COVID-19 Cash Game Plan

By Tony Price, CPA, CGMA

3 Critical Cash Planning Actions in a Crisis

The Coronavirus pandemic has had a tremendous effect on businesses across the country. Lockdown’s have closed everything from restaurants to factories, and the resulting movement of cash has slowed to a trickle.

Without a clear strategy, the ability of a company to weather this storm will be dependent on its ability to be flexible and liquid until business activity returns to some sense of normalcy. Contingency plans should be made for everything. A strong focus on cash will be key for surviving this difficult period.

Forecast and Project

It is always a good practice to maintain a six-month rolling forecast. But in a crisis or economic downturn, a forecast is a must. While the terms forecast and projection are interchangeable, there is a difference.

  • Your forecast is the course you reasonably expect to take based on the assumptions and conditions you expect to encounter.
  • A projection is used to present outcomes under one or more hypothetical scenarios.

So right now, at a minimum you should have a six-month forecast that includes all activities materially impacting cash. Once your forecast is complete, you should prepare a projection including a variety of scenarios.

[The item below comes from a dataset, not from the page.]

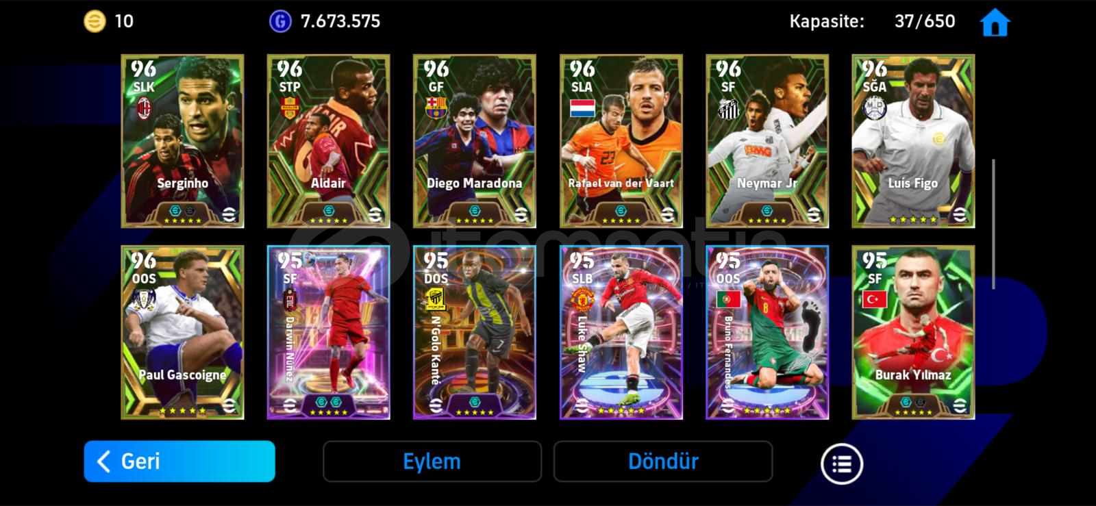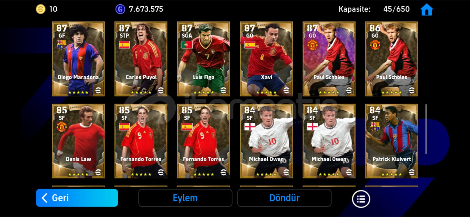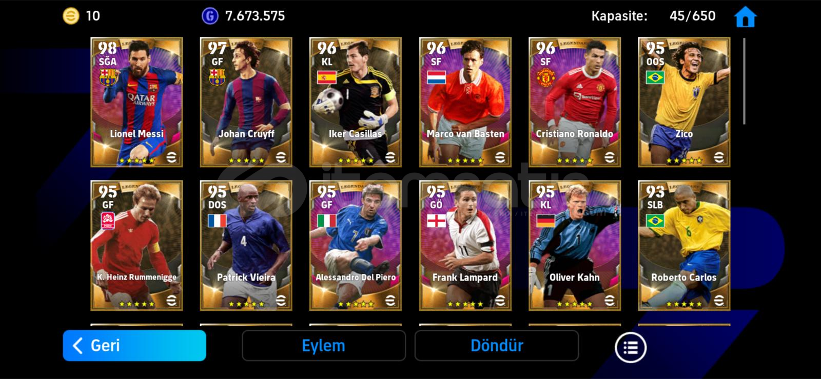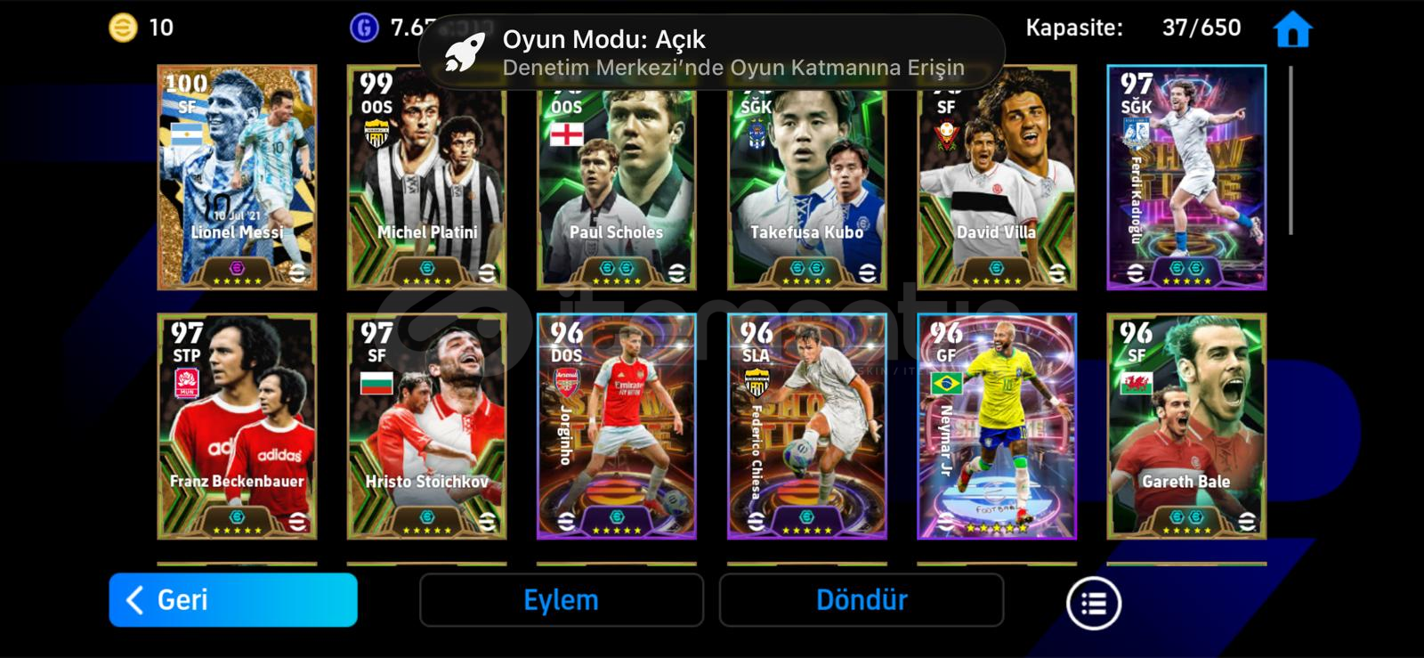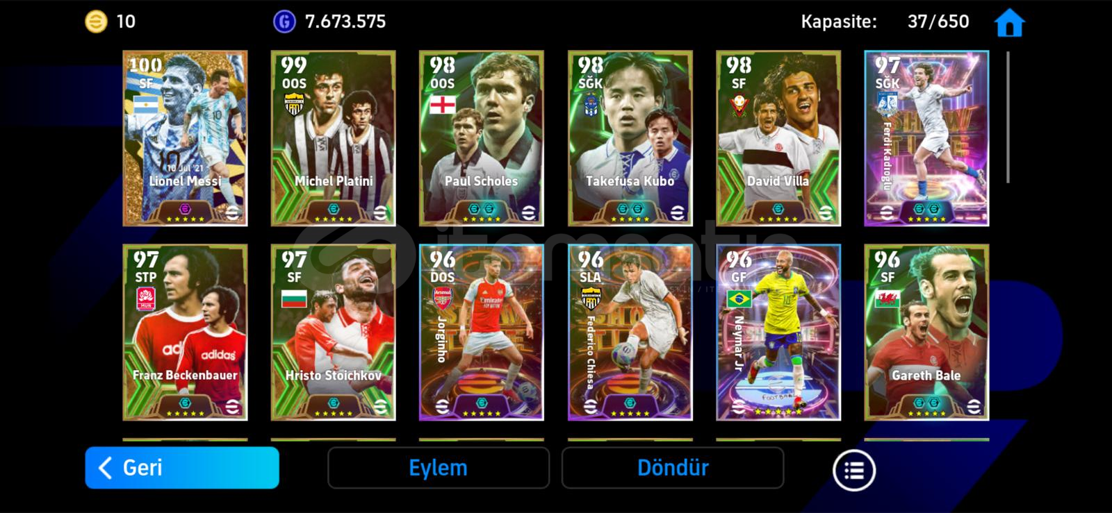 Hesapta pes21 den kalma birçok nadir efsane oyuncular ve 2021 106 messili arjantin paketi 3 bombacı (Chiesa Bale ve Burak Yılmaz)ve toplamda 650 oyuncu vardır

Prioritize and Communicate

Once you have completed your forecast you can then review those activities to prioritize your cash spends such as employees, creditors, and key vendors. Communication with both internal and external stakeholders is necessary for both helping to prioritize cash usage. This is also important in safeguarding your business relationships with customers, vendors, and creditors.

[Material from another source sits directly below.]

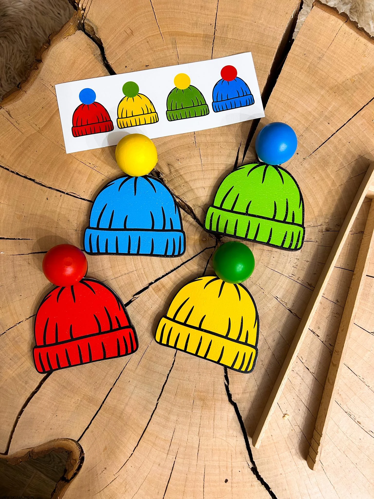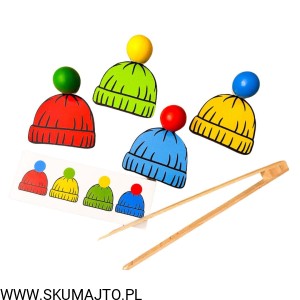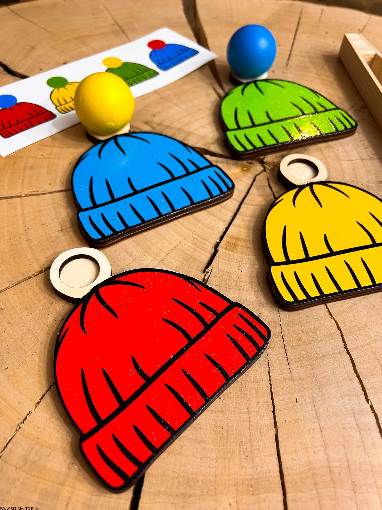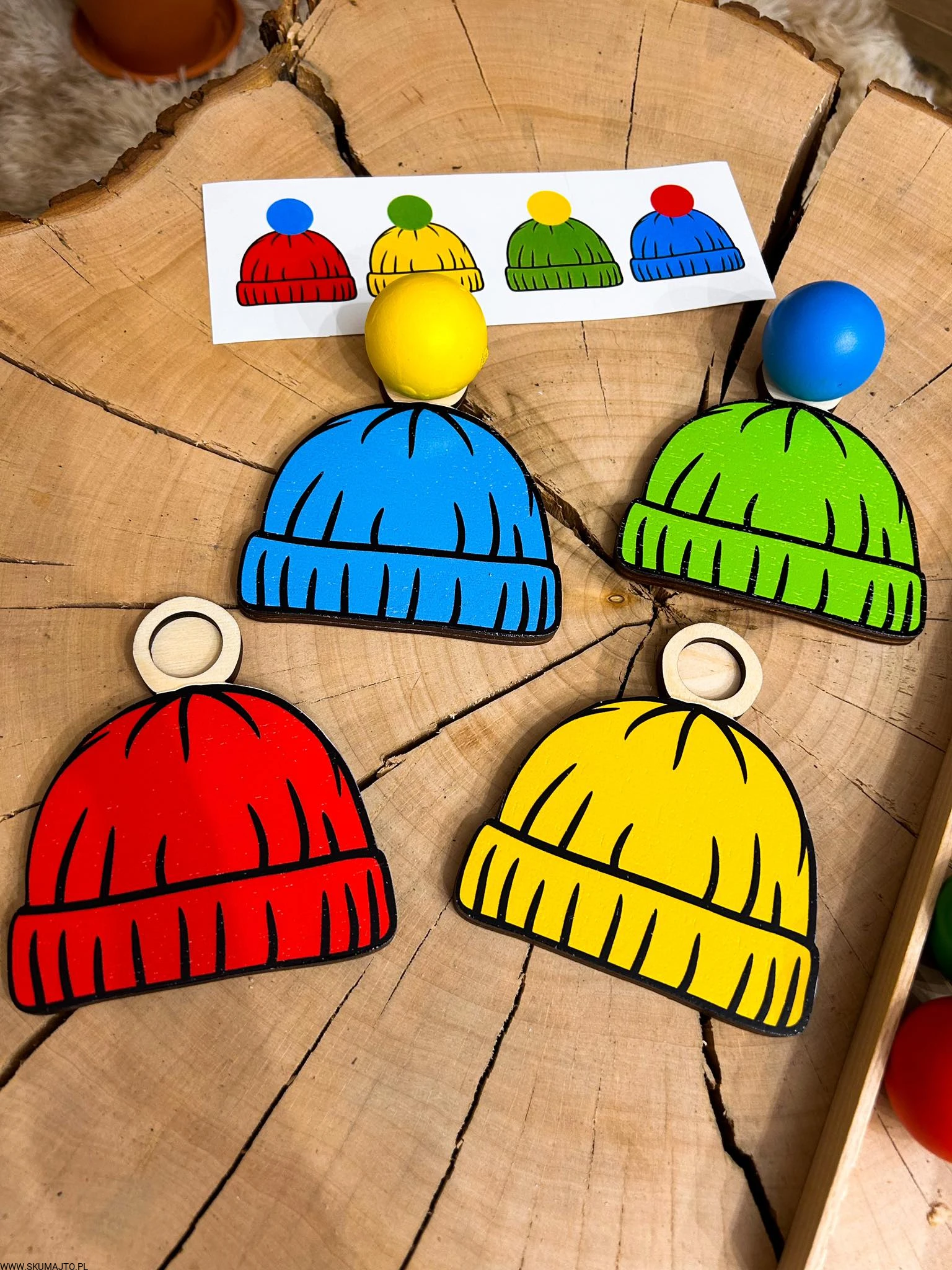 Kolorowe czapeczki, drewniana układanka do nauki kolorów, odwzorowywanie, mała motoryka
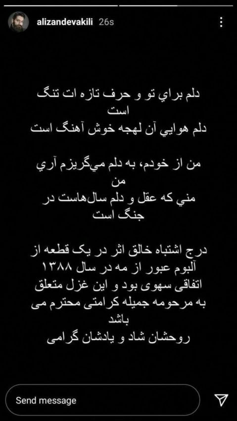 علی زند وکیلی در صفحه خود نوشته است: «دلم برای تو و شعر تازه‌‏ات تنگ است/ دلم هوایی آن لهجه خوش‌آهنگ است

Consistent and honest communication is key. Communicate your plan with employees; call your vendors and discuss payment options; contact your creditors and explore payment deferrals or temporary adjustments in terms. And if at any time you realize you cannot meet a commitment, communicate, communicate, communicate.

Reporting

Quality financial reporting is important regardless of a crisis. However, during a financial crunch, your reporting cycles should be shortened. Standard reporting times vary by industry and the company’s cash position, but during these times we encourage the following:

  • Cash-on-hand– This is an area for daily focus. In addition to the obvious money in your checking account, this should include short-term cash equivalents. This includes Treasury bills, certificates of deposits, short-term bonds, or investments parked in a money market fund.
  • Cash flow – Review total cash inflow and outflow on a weekly basis.
  • Forecast – This should be updated at least monthly. Focus here more frequently if there is a significant change in your assumptions or conditions.
  • Projections – This is an area to update monthly. New scenarios should be put into consideration whenever there is a known change in condition, assumption, or strategic decision.